**Task to carry out**
Exactly the lines from the one containing "In der Zwischenzeit" through the one containing "ホテルの目の前に高架線があり" in the listing below are to be copied, with the pictures left out.

[[ Input for this task, beginning ]]

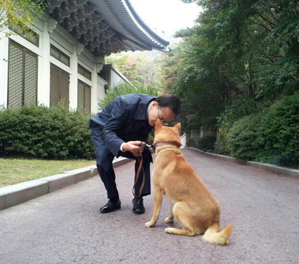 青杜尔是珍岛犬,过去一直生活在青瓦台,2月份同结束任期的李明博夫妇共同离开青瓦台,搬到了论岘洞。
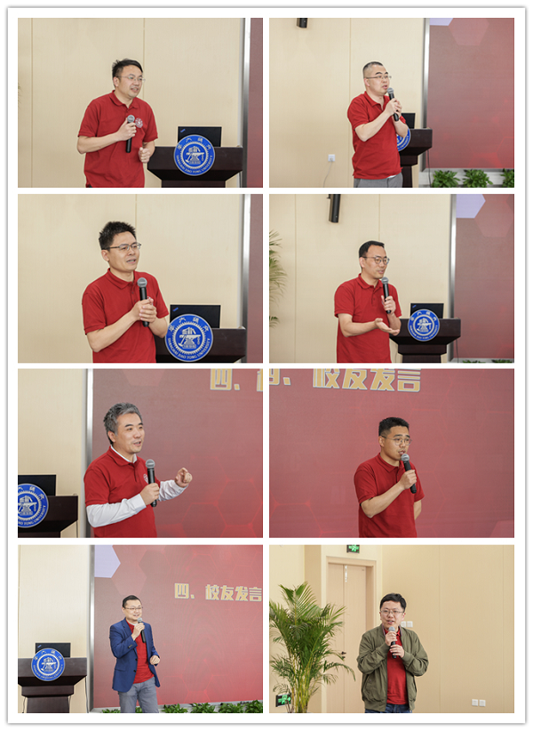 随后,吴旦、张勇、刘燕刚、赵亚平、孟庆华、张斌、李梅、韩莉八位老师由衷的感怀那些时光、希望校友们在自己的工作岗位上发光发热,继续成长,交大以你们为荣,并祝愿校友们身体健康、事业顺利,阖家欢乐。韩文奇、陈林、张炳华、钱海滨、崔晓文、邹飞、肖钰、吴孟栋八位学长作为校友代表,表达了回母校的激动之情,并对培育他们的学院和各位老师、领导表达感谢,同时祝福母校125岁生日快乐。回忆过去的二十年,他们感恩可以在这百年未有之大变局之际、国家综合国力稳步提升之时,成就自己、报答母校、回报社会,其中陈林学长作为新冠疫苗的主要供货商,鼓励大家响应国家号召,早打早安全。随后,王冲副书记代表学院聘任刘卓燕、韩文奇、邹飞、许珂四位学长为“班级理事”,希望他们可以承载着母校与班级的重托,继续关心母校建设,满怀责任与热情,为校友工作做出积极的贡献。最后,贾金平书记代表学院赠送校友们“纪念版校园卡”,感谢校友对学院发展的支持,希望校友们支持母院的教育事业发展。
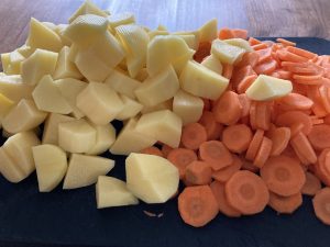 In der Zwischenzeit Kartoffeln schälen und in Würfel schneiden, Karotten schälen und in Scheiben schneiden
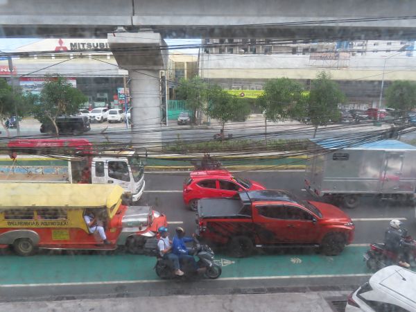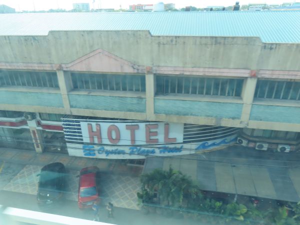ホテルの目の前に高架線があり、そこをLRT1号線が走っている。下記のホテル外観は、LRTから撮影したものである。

[[ Input for this task, end ]]
[[ Input for this task, beginning ]]

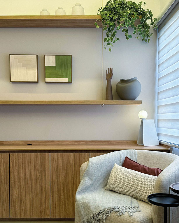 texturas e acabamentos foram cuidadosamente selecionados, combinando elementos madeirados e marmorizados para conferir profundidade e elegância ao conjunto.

[[ Input for this task, end ]]

**Exercise result**
 In der Zwischenzeit Kartoffeln schälen und in Würfel schneiden, Karotten schälen und in Scheiben schneiden
ホテルの目の前に高架線があり、そこをLRT1号線が走っている。下記のホテル外観は、LRTから撮影したものである。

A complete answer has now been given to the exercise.